The Natural Knockout is a phenomenon not only found in primates. In natural populations of Arabidopsis thaliana, it was observed that almost every tenth gene was so defective that it could not fulfill its normal function anymore [15]. The natural knockout seems the norm, and may be explained by the fact that the biological information of the genomes of sexually reproducing individuals is always present 2-fold. After fertilization, all genes present in the nucleus are backed up by at least one additional copy, providing 2-fold redundancy of the entire genome. Sexual reproduction thus provides individuals genetic robustness, since corruptive mutations in essential genes would not immediately harm the organism’s fitness. Still, 2-fold redundant genomes will accumulate corrupted genes in a heterozygous state.
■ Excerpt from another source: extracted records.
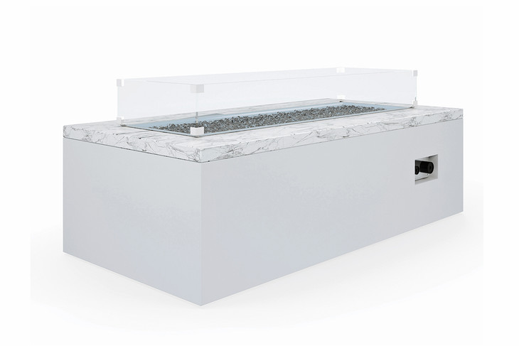 Extend your outdoor entertaining well into the evening with Jack Patio contemporary fire tables. A natural White Carrara Marble top sits atop a frost white aluminum cabinet on our Carrara Fire Tables.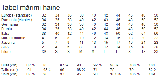 Tabel cu marimi haine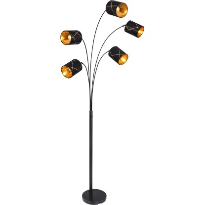 Die geschmackvolle fünf armige Stehleuchte BEMMO überzeugt mit den eleganten, schwarz- goldfarbenen Textilschirmen. Das Licht dieser wunderschönen Stehlampe reflektiert durch das an der Innenseite des Lampenschirms angebrachte goldfarbige Acryl wunderbar. Durch die freie Wahl der Leuchtmittel (exkl. E14 max. 25 W) entscheiden Sie in welcher Lichtfarbe Ihr Heim erstrahlt. Platziert neben dem Sofa oder dem Esstisch wird diese Leuchte zum echten Blickfang.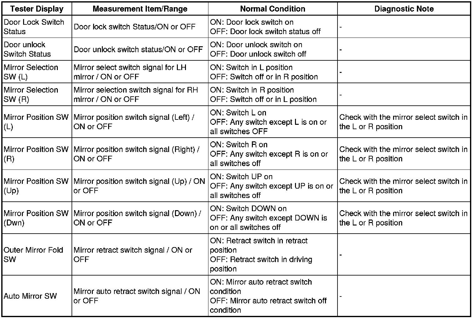 MIRROR (EXT): POWER MIRROR CONTROL SYSTEM: DATA LIST / ACTIVE TEST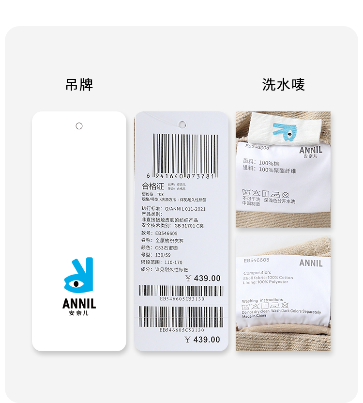 男童全腰梭织夹裤冬季新款安奈儿童装EB546605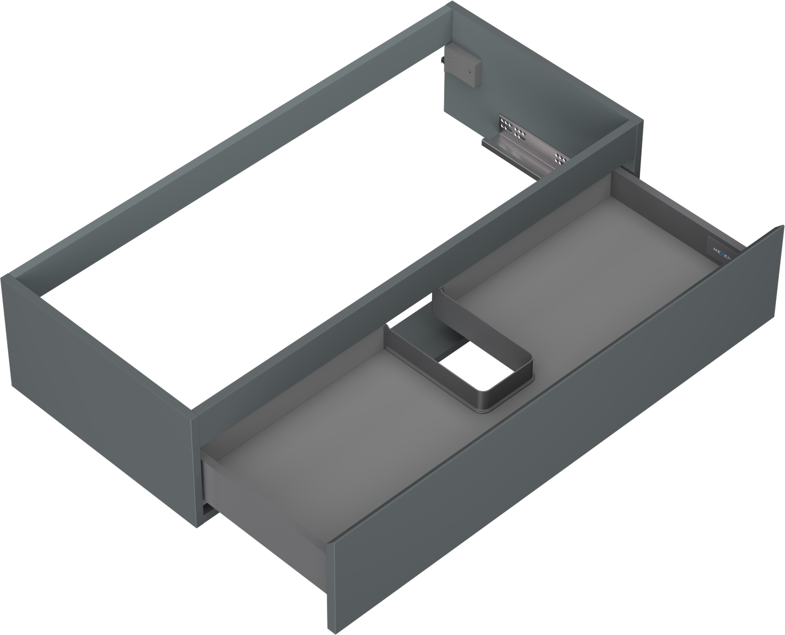 Decupajul în sertar este proiectat în așa fel încât să acomodeze sifonul, care este esențial în instalațiile de lavoare. Datorită acestui fapt, mobila poate fi montată complet funcțională, fără a fi necesară renunțarea la spațiul din sertar în favoarea instalației.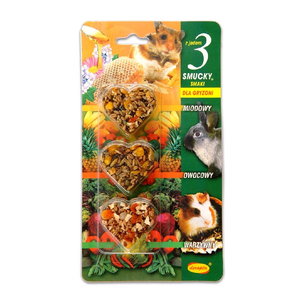 Krmivo pro hlodavce ve tvaru srdíčka ve třech příchutích: medové, ovocné a zeleninové.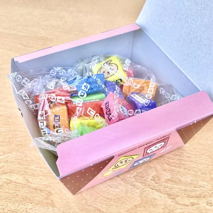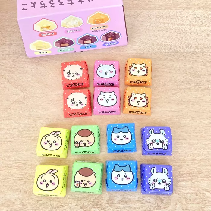 「ちいかわ」とチロルチョコがコラボ!ホットケーキ、メロンパン、みかんゼリー、プリン、コーヒーヌガー、ビス、アーモンドの7種の味が楽しめる商品です。個包装それぞれにちいかわたちがデザインされたチロルチョコが各キャラ(味)2個ずつ、計14個入っています。BOXデザインはちいかわ・ハチワレ・うさぎの全3種類。

When two individuals with the same corrupted genes mate, part of the offspring will be homozygous for the corrupted genes: HLOF. Considering the current data, HLOF is an often-observed phenomenon—and HLOF has recurrently failed to yield diseased phenotypes. Adaptations associated with HLOF are then solely due to loss of genetic information.

A model of genetic redundancy due to gene duplications demonstrated that the redundancy can only be maintained by selection when populations are large (such as bacteria), or when mutation rates are high. On average, mutation will always lead to decreased redundancy [16]. Further studies showed that weak or no-effect genes (i.e., non-essential and redundant genes) are no more likely to have paralogous genes than genes that do result in a defined phenotype when they are knocked out [17,18]. Hence, gene duplication is not the cause of redundancy, which is, rather, due to unrelated genes with the same or very similar function. Although the 2-fold redundancy (diploidy) of sexually reproducing organisms is an unexplained fact of nature (the origin of sex is unknown), it may exist to stabilize the phenotype to produce more robust organism—and to prevent evolutionary changes. Nevertheless, natural selection cannot stop the decline of redundant genetic information. Without additional genome-stabilizing mechanisms, save natural selection, the genomes of diploid organisms are bound to disintegrate.